Explain how the Earth’s magnetic reversals provide evidence of sea floor spreading.Please help, just this one question.I go to TLHS
There is a ridge down the center of the pacific. You can trace it up far to the north and it makes a hard right which is something to really think about. What caused this ridge is that the pacific floor is spreading apart about four inches a year. That space becomes filled with magma from below and as it surges up from below makes this underwater mountain range. That is part of plate tectonics. The process starts when a plate is being pulled apart and an example of that would be the Rift in Africa. The next step is that area fills up with water and and example of that would be the Red Sea. The ends of the rift usually have a V formation. Put that V upside down and it is visible with the Red Sea. As long as the tectonic forces pull the plate apart, this process continues and you have the Pacific Ocean. Should the forces change, it will stop and an example of that is the lower part of the Mississippi River. . .down where it is called Ol' Man River. The upper part of the Mississippi is from water drainage. At some point the pressure on the our plate stopped and the it just turned into our drainage system in the US. Makes you go back to that underwater mountain range and make you wonder what happen that those mountains at the end of the chain are going in a different direction and how does that relate to the Mississippi. Plate tectonic are really interesting to me. Having lived in Missouri for some time. There is a line across the southern part of the state and huge sink holes open up. I asked that question in geology and everyone shrugged their shoulders. But couldn't that be the V I talked about. I had a friend with a farm down there and it's on this invisible line. They took me over to their neighbors to see this large hole. Their barn and a great deal of acreage had just disappeared down this hole. Interesting stuff. . .hope this helps.

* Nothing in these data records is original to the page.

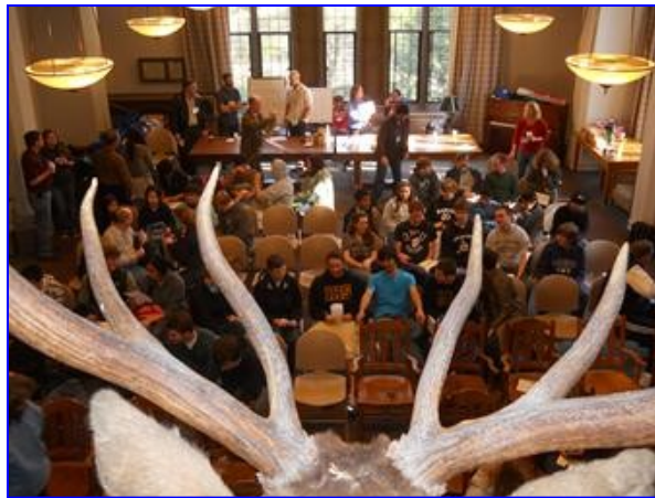
2011 Winner: Woodinville High School
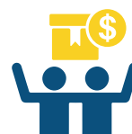
QUARTERLY DCX BUSINESS PERFORMANCE BONUS
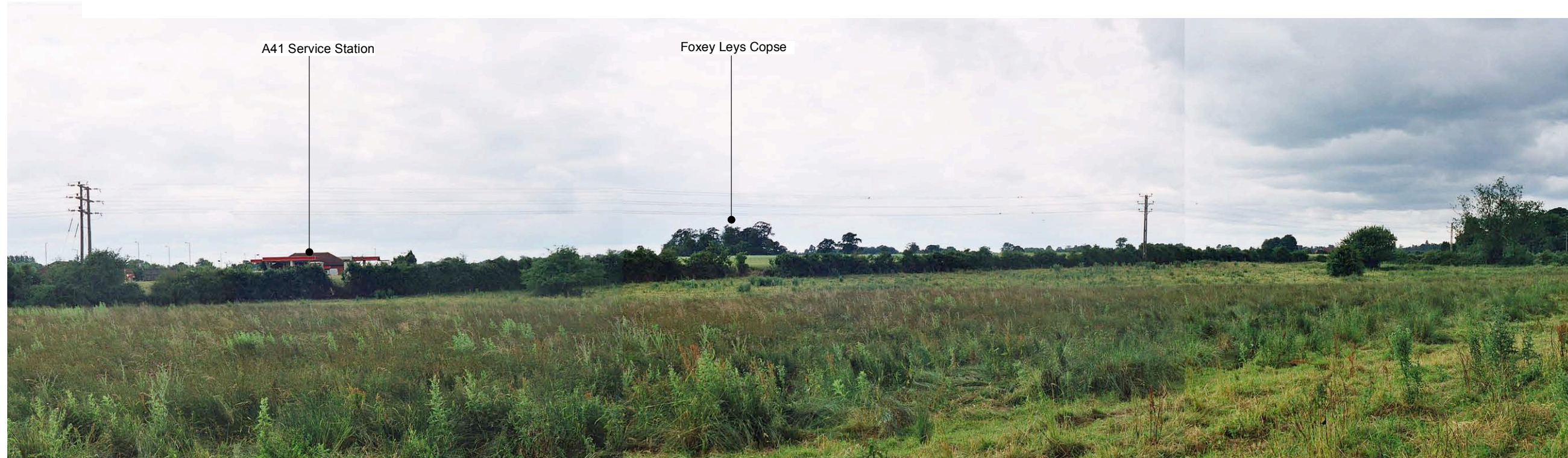
View 10 - From the eastern corner of the site looking south west across Pingle Brook, towards Whitelands Farm and the service station.

Because a series of magnetic reversals that are semmetrical either side of EACH mid oceanic ridge have been mapped out and clearly demonstrate the way the the oceans have spread through time. In the late 1950s, a series of oceanographic expeditions was commissioned to map the magnetic character of the ocean floor, with the expectation that the ocean floors would display largely uniform magnetic properties. Surprisingly, results showed that the basaltic sea floor has a striped magnetic pattern, and that the stripes run essentially parallel to the mid-ocean ridges. Moreover, the stripes on one side of a mid-ocean ridge are symmetrically matched to others of similar width and polarity on the opposite side. In 1963, two British geoscientists, Vine and Matthews (Box 1), proposed a hypothesis that elegantly explained how these magnetic reversal stripes formed by linking them to the new idea of sea-floor spreading. They suggested that as new oceanic crust forms by the solidification of basalt magma, it acquires a magnetisation in the same orientation as the prevailing global magnetic field. As sea-floor spreading continues, new oceanic crust is generated along the ridge axis. If the polarity of the magnetic field then reverses, any newly erupted basalt becomes magnetised in the opposite direction to that of the earlier crust and so records the opposite polarity. Since sea-floor spreading is a continuous process on a geological timescale, the process preserves rocks of alternating polarity across the ocean floor (Figure 7a). Reading outwards in one direction from the mid-ocean ridge gives a record of reversals over time, and this can be matched with the record read in the opposite direction.